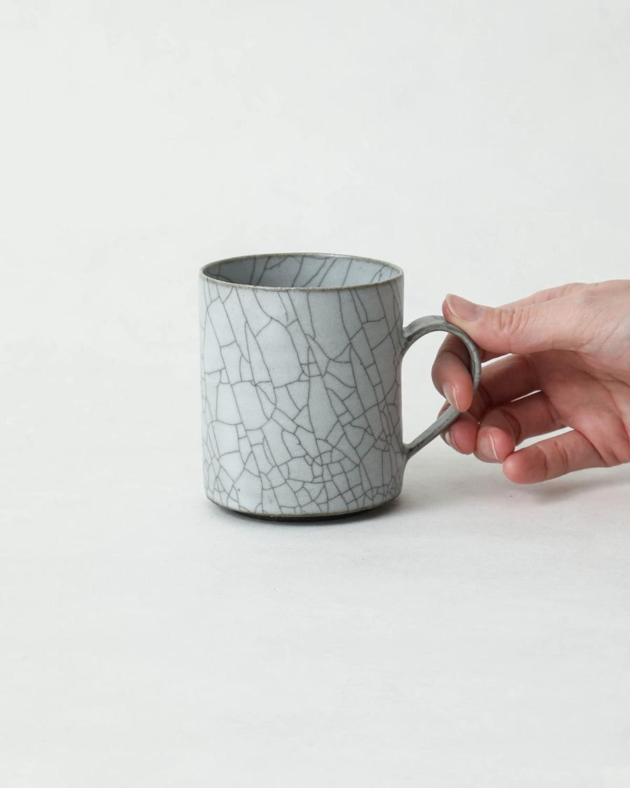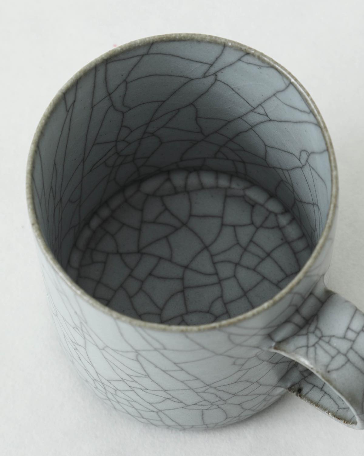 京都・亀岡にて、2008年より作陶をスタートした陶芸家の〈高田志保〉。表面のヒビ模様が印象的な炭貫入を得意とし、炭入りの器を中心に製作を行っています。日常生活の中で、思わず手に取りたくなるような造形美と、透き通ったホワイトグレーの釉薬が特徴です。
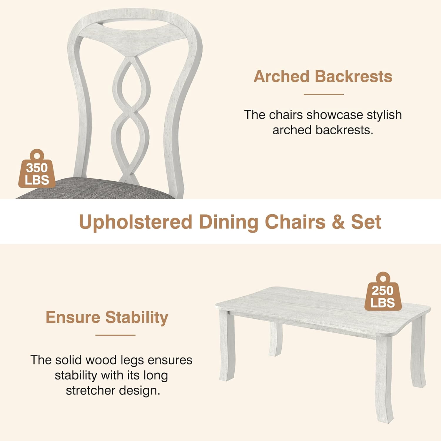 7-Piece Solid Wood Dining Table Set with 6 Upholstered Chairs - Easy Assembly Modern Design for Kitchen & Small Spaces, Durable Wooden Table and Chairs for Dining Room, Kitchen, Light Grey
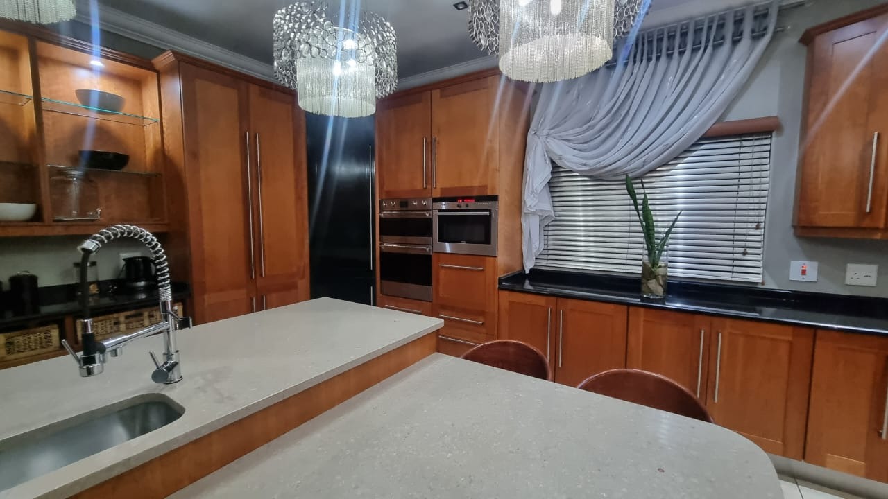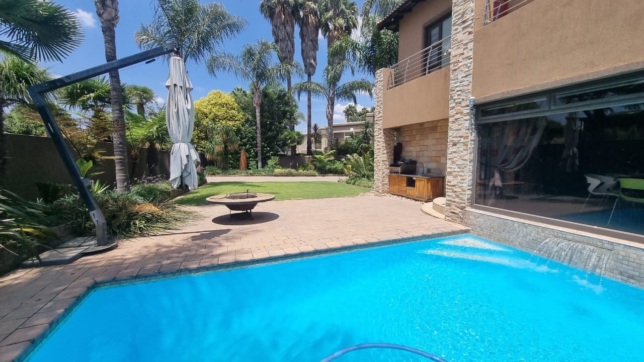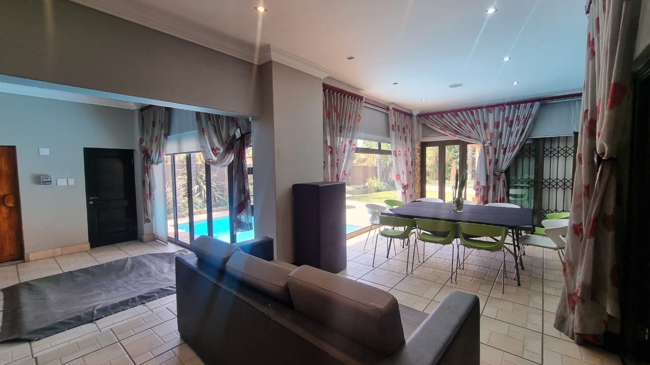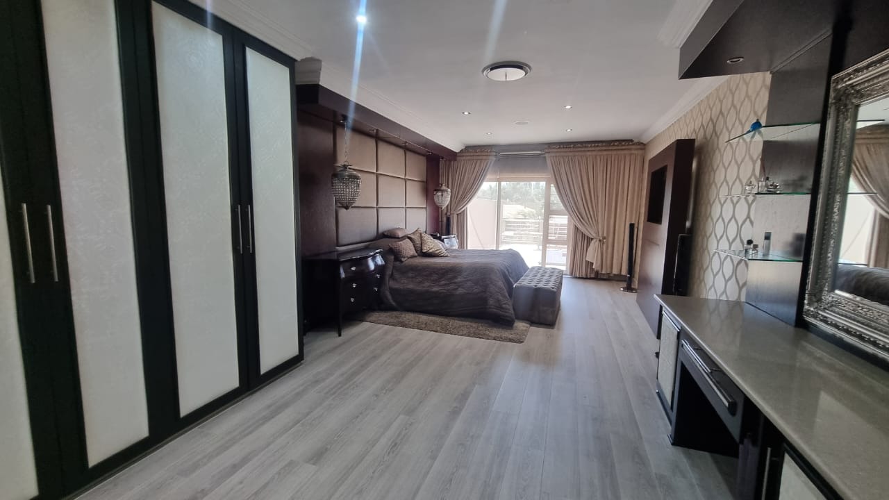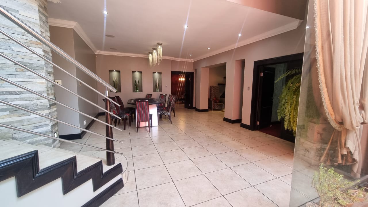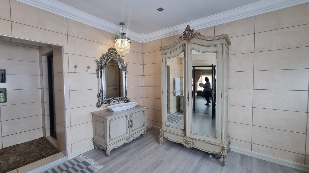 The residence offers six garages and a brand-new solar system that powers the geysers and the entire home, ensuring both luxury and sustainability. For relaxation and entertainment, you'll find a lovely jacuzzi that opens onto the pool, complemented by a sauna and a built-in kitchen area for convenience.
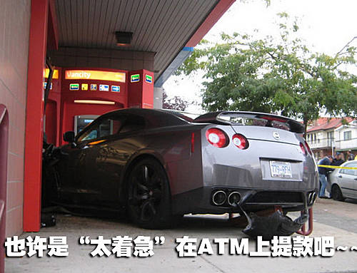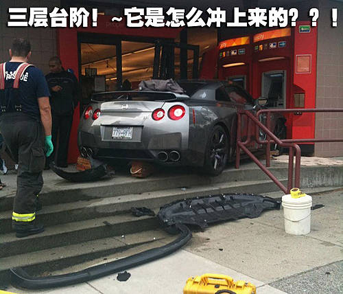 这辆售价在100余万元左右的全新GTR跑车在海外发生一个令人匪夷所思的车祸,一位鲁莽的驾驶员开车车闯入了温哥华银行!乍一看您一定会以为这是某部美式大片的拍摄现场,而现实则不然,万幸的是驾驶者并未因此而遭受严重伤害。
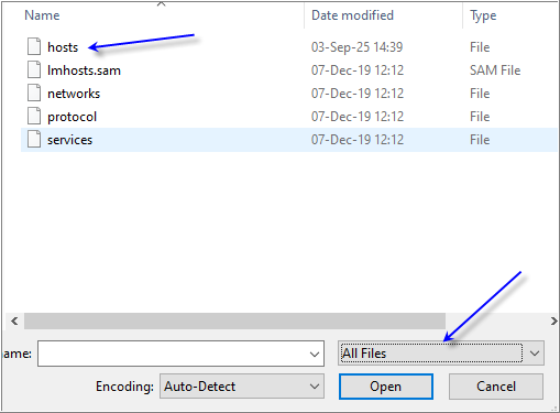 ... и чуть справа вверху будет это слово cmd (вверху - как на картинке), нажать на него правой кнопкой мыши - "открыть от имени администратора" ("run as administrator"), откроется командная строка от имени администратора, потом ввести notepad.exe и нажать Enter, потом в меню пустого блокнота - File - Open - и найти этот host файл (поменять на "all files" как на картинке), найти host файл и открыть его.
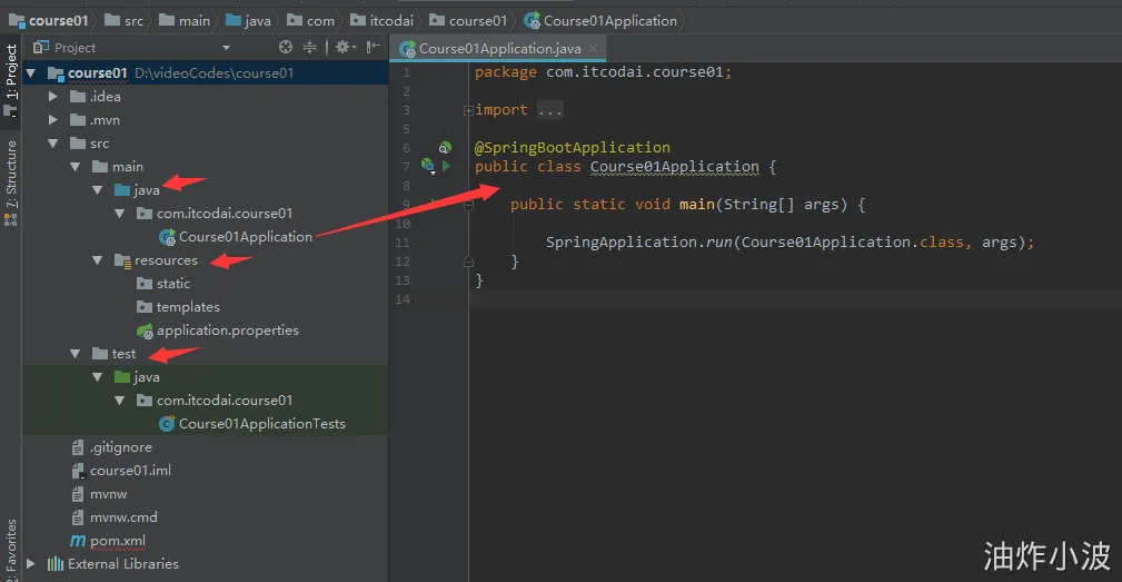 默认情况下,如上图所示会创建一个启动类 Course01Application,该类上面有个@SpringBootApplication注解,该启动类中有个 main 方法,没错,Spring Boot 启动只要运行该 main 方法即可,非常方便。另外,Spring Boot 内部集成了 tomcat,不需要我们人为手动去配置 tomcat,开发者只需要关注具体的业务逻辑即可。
• • • • • • •
§ EXERCISE DETAILS:
Go down the entries above from the line containing "The residence offers" to the line containing "这辆售价在100余万元左右的" and write out each line exactly, leaving pictures out.

§ RESULT OF THIS EXERCISE:
 The residence offers six garages and a brand-new solar system that powers the geysers and the entire home, ensuring both luxury and sustainability. For relaxation and entertainment, you'll find a lovely jacuzzi that opens onto the pool, complemented by a sauna and a built-in kitchen area for convenience.
 这辆售价在100余万元左右的全新GTR跑车在海外发生一个令人匪夷所思的车祸,一位鲁莽的驾驶员开车车闯入了温哥华银行!乍一看您一定会以为这是某部美式大片的拍摄现场,而现实则不然,万幸的是驾驶者并未因此而遭受严重伤害。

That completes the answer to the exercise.